WHAT TO DO:
Write out exactly the lines below that run from the one containing "Claudia Sheinbaum Pardo, encabeza" through the one containing "[Drawing of a", both included, with no other lines.

RECORDS:
== Segment start ==

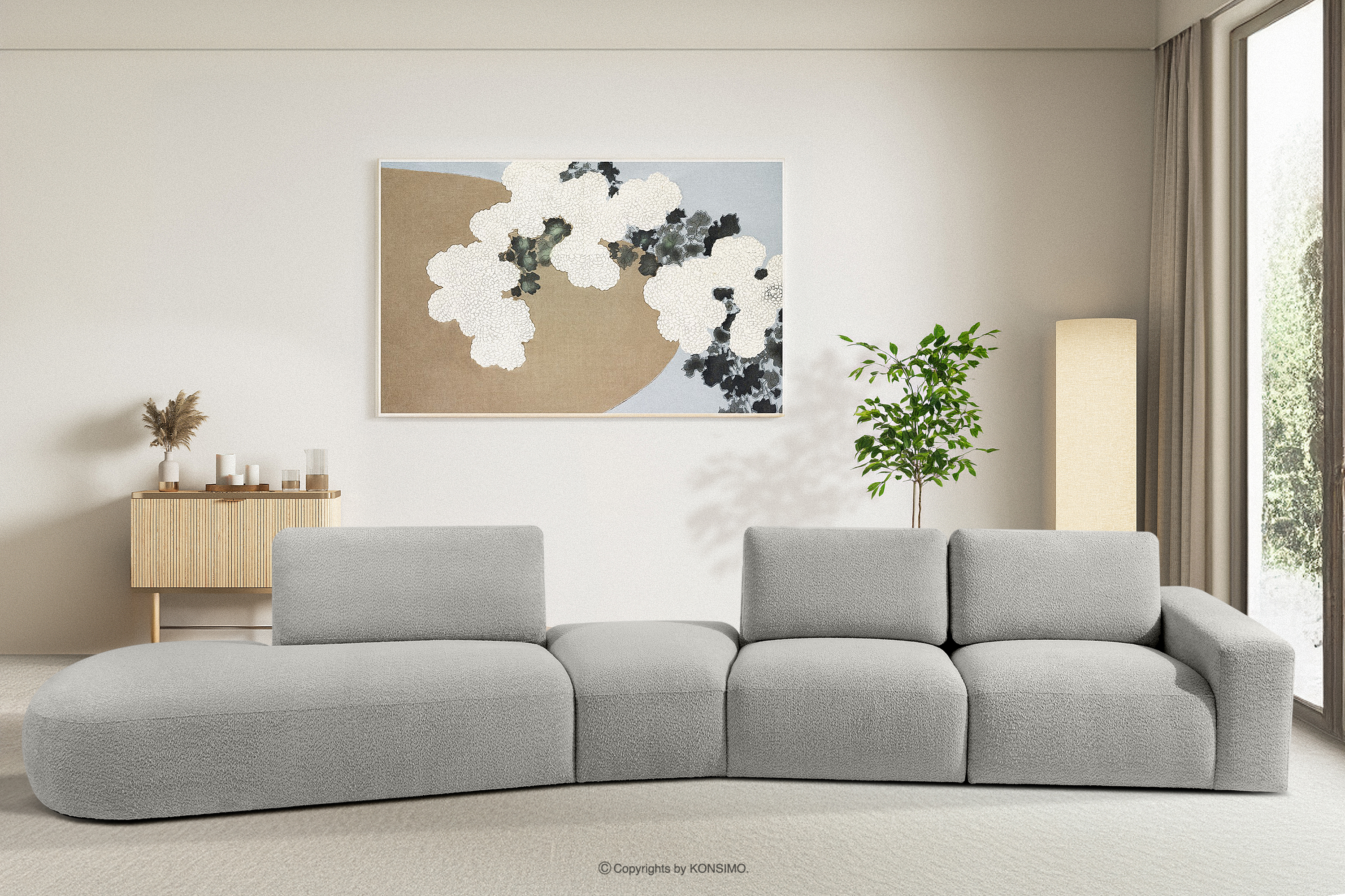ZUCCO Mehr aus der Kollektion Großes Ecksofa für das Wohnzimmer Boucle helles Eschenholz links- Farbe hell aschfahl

== Segment end ==
== Segment start ==

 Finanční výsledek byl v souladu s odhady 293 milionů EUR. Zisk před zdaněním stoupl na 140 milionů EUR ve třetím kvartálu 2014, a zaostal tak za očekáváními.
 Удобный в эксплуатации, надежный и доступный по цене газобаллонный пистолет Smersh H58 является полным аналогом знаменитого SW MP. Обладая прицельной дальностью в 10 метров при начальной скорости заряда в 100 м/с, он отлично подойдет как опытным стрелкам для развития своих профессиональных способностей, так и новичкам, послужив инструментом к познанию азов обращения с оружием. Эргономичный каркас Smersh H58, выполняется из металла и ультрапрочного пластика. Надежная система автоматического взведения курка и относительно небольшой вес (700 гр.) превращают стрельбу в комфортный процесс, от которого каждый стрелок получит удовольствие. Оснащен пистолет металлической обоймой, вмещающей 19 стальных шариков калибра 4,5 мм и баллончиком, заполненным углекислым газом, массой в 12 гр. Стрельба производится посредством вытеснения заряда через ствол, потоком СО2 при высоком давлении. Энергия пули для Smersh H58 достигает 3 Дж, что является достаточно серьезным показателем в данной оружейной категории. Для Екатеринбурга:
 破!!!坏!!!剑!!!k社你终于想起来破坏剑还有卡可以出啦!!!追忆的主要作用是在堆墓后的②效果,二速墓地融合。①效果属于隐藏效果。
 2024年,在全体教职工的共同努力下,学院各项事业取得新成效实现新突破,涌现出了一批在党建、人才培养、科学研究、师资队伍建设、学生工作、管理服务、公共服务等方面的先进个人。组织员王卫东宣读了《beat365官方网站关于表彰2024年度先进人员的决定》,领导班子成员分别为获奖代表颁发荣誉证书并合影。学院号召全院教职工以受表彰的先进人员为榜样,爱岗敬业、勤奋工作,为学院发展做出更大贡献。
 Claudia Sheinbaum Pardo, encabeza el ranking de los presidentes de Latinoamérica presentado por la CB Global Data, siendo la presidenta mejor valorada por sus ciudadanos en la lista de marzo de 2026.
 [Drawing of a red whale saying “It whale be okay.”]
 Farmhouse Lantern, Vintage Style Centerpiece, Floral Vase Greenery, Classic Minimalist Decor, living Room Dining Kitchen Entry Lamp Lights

== Segment end ==
== Segment start ==

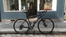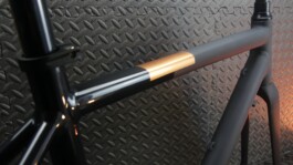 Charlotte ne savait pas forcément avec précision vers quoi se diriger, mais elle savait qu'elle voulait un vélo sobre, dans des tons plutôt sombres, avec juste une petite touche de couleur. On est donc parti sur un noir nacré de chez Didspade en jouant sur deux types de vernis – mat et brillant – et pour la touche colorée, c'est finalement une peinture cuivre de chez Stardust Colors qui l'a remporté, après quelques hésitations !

== Segment end ==

ANSWER BOX:
 Claudia Sheinbaum Pardo, encabeza el ranking de los presidentes de Latinoamérica presentado por la CB Global Data, siendo la presidenta mejor valorada por sus ciudadanos en la lista de marzo de 2026.
 [Drawing of a red whale saying “It whale be okay.”]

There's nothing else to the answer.